━━━━━ Extracted records
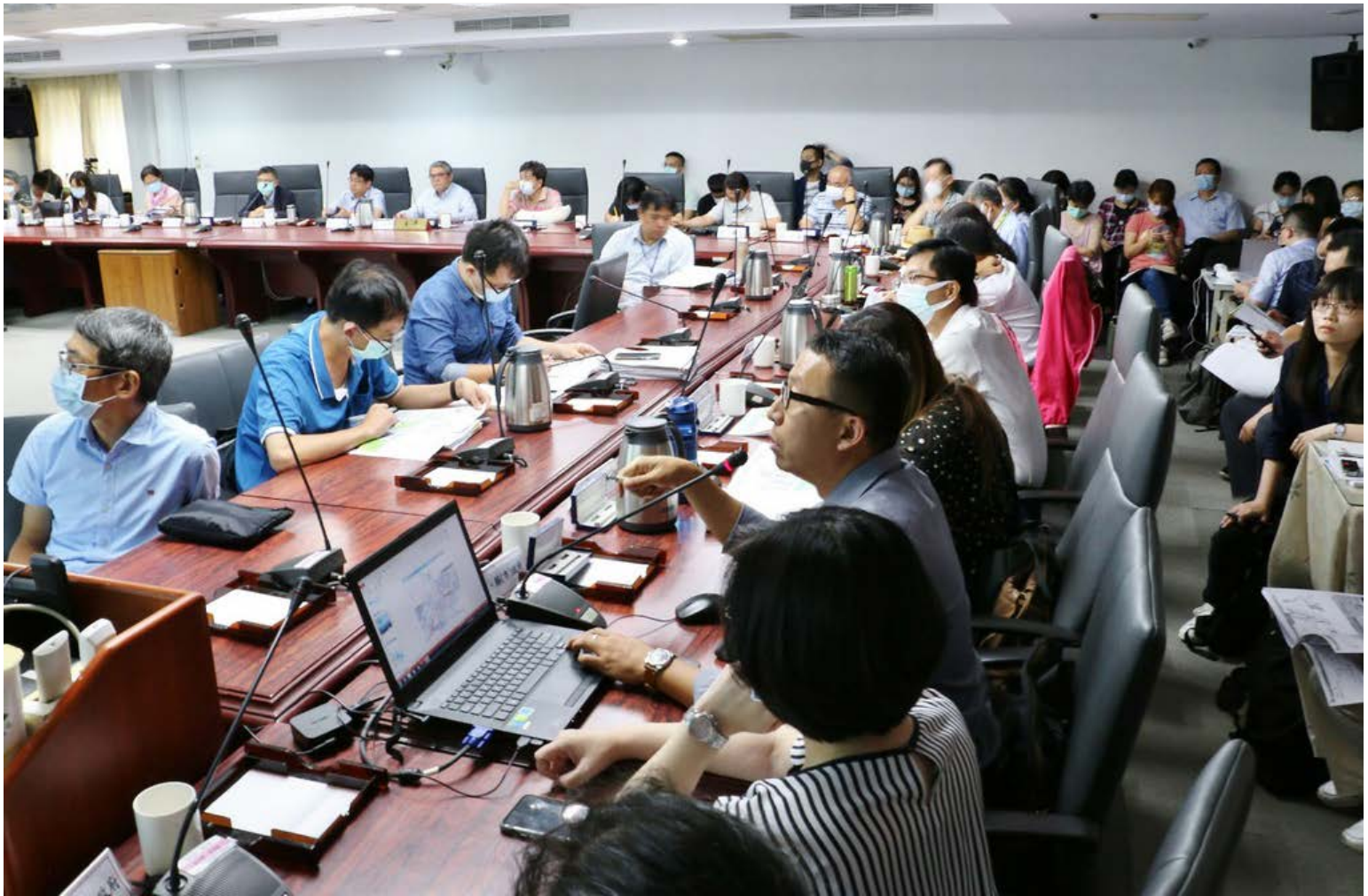
【▲內政部國審會大會會議照片】
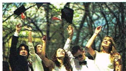
I Liceum Ogólnokształcące im. Stefana Żeromskiego w Ozorkowie

POCZUJ MOC WIEDZY ... ... DOŁĄCZ DO NAS !!!
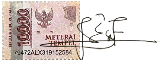
Aisyah Al Khoirunnida'
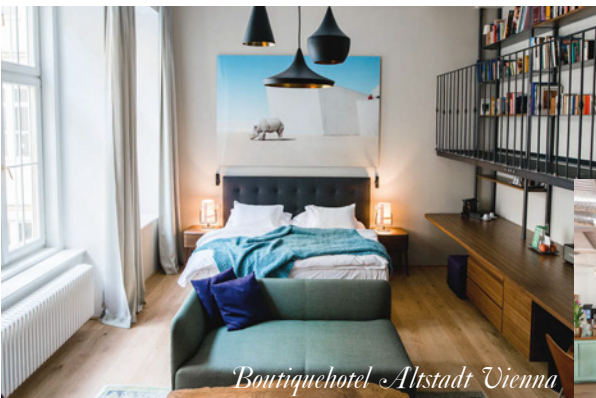
Boutiquehotel Altstadt Vienna

Vorschläge für einen Wochenend-City-Trip? Drei neue Suiten gibt es im ALTSTADT VIENNA zu entdecken, und sie unterstreichen mit Stil und Eleganz das Wiener Lebensgefühl. Architekt Roland Nemetz hat von der Stadt inspiriert „Josef Hoffmann“, „Library“ und „Opera“ gestaltet. Ob ins Wiener-Werkstatt-Gefühl gebettet oder in klassische Musik getaucht – die neuen Suiten im Altstadt sind ein wunderbarer Ort, von dem aus man die Stadt erkunden kann. Und was wäre die ohne Kaffeehäuser? Nicht die gleiche! Weil man für diese Pflege des kulturellen Erbes auch einen anständigen Kaffee braucht, gibt es das WIENER RÖSTHAUS im Prater. Die Kaffees, die einem hier angetragen werden, zählen zu den edelsten der Welt, und man kann sie auch als ganze Bohnen oder in den unterschiedlichsten Mahlungen mit nach Hause nehmen. Stilvolle Souvenirs gibt es im neuen IMPERIAL SHOP zu erstehen. Ehemalige k.u.k.-Hoflieferanten, Traditionsunternehmen und in Wien beheimatete Manufakturen bieten ihre Ware in der Hofburg feil. Diese Objekte passen definitiv in österreichische Wohnzimmer! altstadt.at , imperialshop.at , wienerroesthaus.at
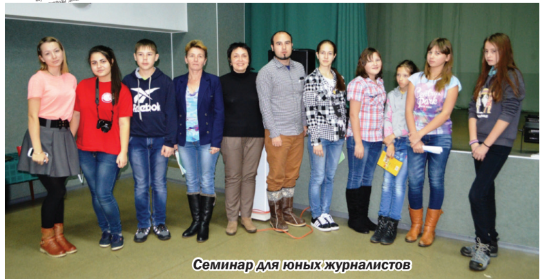
Семинар для юных журналистов
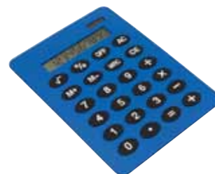
Kalkulator BUDDY w formacie A4
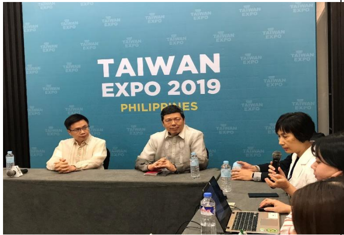
本局曾秘書參加貿協黃董事長之媒體聯訪
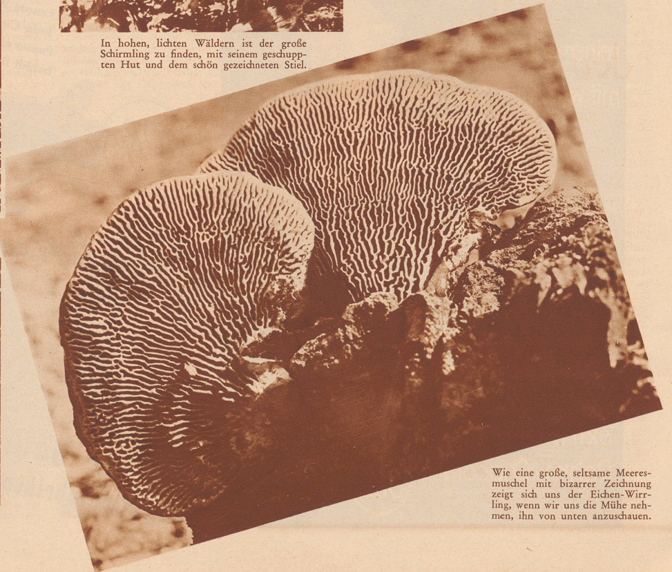
Wie eine große, seltsame Meeresmuschel mit bizarrer Zeichnung zeigt sich uns der Eichen-Wirrling, wenn wir uns die Mühe nehmen, ihn von unten anzuschauen.

Also, da wird dir nur eines helfen können: Die Pilze unter kundiger Führung selbst unterscheiden lernen!
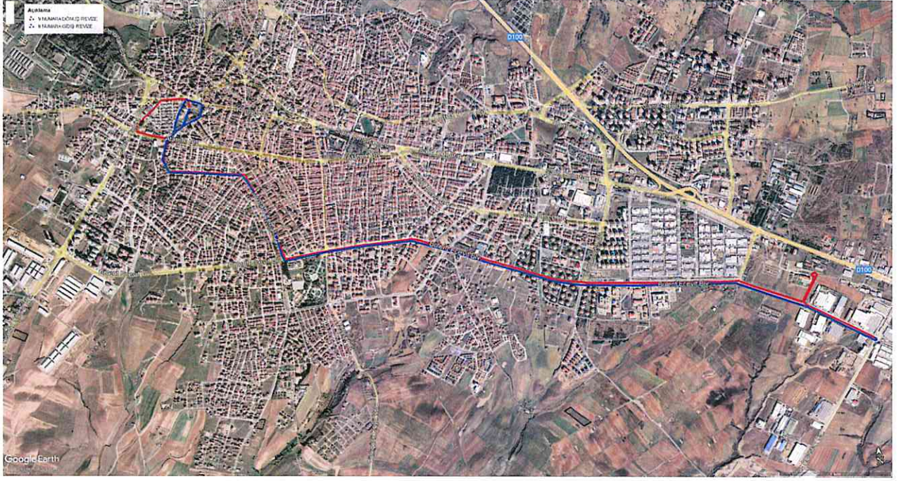
Kroki - 2 - Revize Güzergah
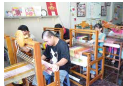
▲ G-CoCoRo みんなでこころ織り
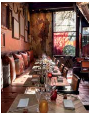
Gran Baguttin, Milano
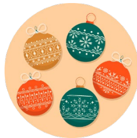
Des grosses boules
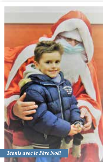
Téonis avec le Père Noël

Les familles ont eu à cœur de se retrouver et d'affectionner ces valeurs de partage et de bonne humeur.
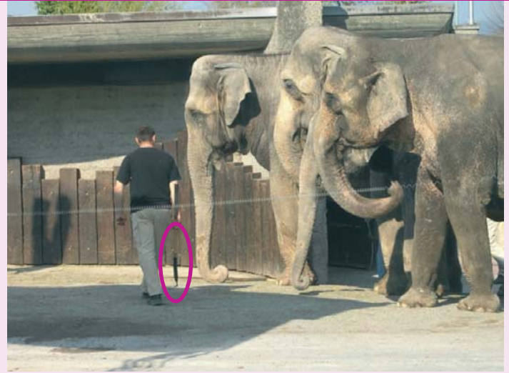
Elefantenfleger mit Haken in der Hand - so versucht man, die grauen Riesen gefügig zu machen
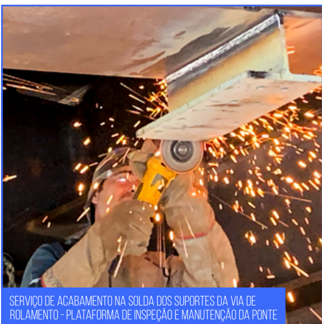
SERVIÇO DE ACABAMENTO NA SOLDA DOS SUPORTES DA VIA DE ROLAMENTO - PLATAFORMA DE INSPEÇÃO E MANUTENÇÃO DA PONTE
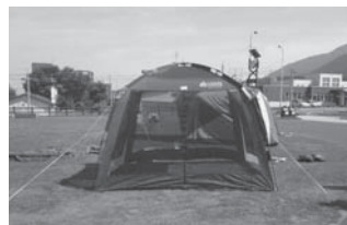
UVクイックスクリーン 5張 300×270×210cm
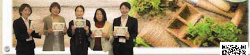
雲南市農業委員会女性委員

キッチンにちょっとあったらいい野菜、手軽に作れる野菜など作ってみませんか？ 第2弾は移住者さんからのおすすめ活用も紹介しています。 家庭菜園ビキナーにおすすめする「調理にすぐに使えて、あると便利よ！」とキッチン目線で作成しました。
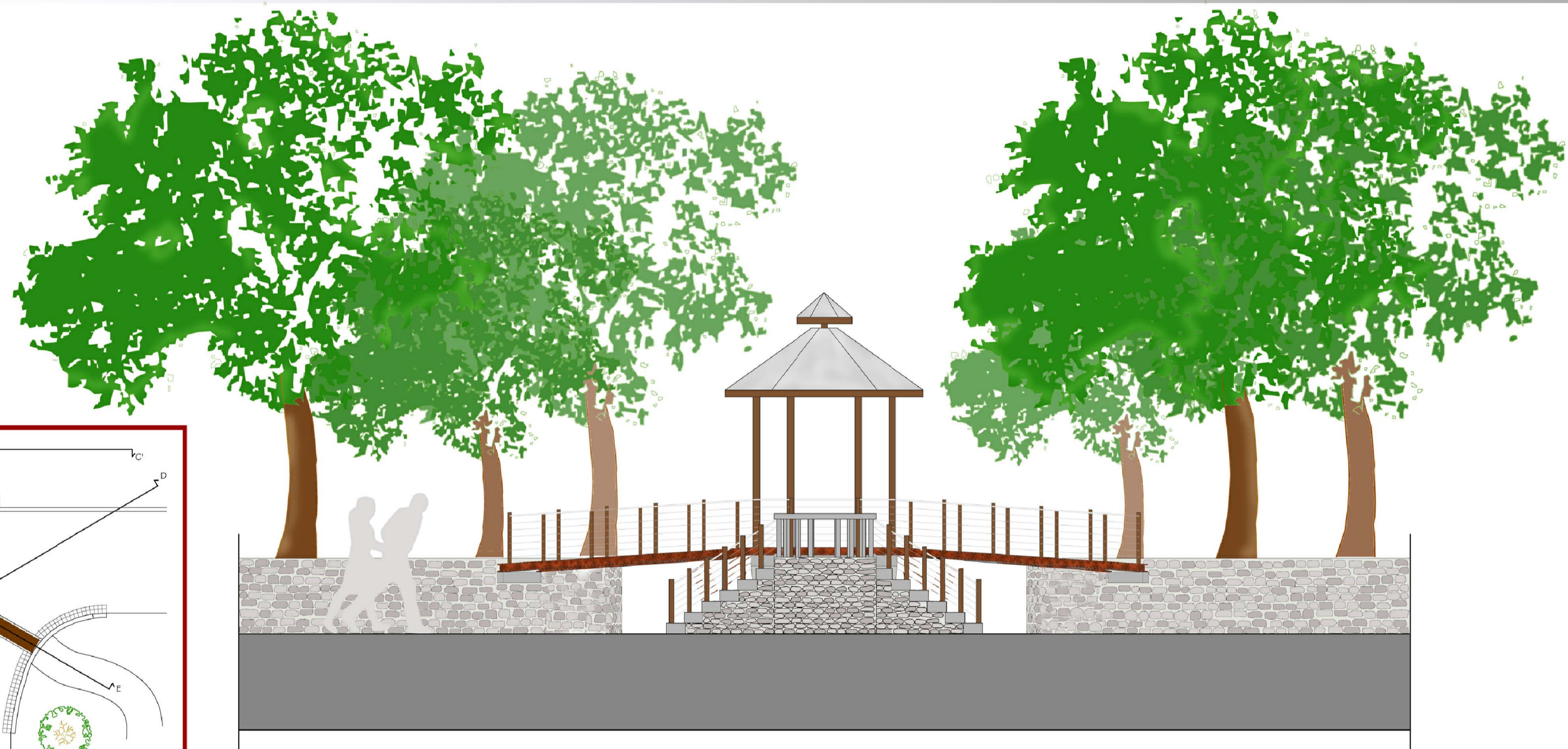
PROSPETTO C-C' SCALA 1:50
━━━━━━━━━━
Exercise brief> The answer is to be the lines from the line that contains "Wie eine große, seltsame" through the last line of the material, retyped exactly, both included, with pictures left out, please.

Solution below>
Wie eine große, seltsame Meeresmuschel mit bizarrer Zeichnung zeigt sich uns der Eichen-Wirrling, wenn wir uns die Mühe nehmen, ihn von unten anzuschauen.

Also, da wird dir nur eines helfen können: Die Pilze unter kundiger Führung selbst unterscheiden lernen!
Kroki - 2 - Revize Güzergah
▲ G-CoCoRo みんなでこころ織り
Gran Baguttin, Milano
Des grosses boules
Téonis avec le Père Noël

Les familles ont eu à cœur de se retrouver et d'affectionner ces valeurs de partage et de bonne humeur.
Elefantenfleger mit Haken in der Hand - so versucht man, die grauen Riesen gefügig zu machen
SERVIÇO DE ACABAMENTO NA SOLDA DOS SUPORTES DA VIA DE ROLAMENTO - PLATAFORMA DE INSPEÇÃO E MANUTENÇÃO DA PONTE
UVクイックスクリーン 5張 300×270×210cm
雲南市農業委員会女性委員

キッチンにちょっとあったらいい野菜、手軽に作れる野菜など作ってみませんか？ 第2弾は移住者さんからのおすすめ活用も紹介しています。 家庭菜園ビキナーにおすすめする「調理にすぐに使えて、あると便利よ！」とキッチン目線で作成しました。
PROSPETTO C-C' SCALA 1:50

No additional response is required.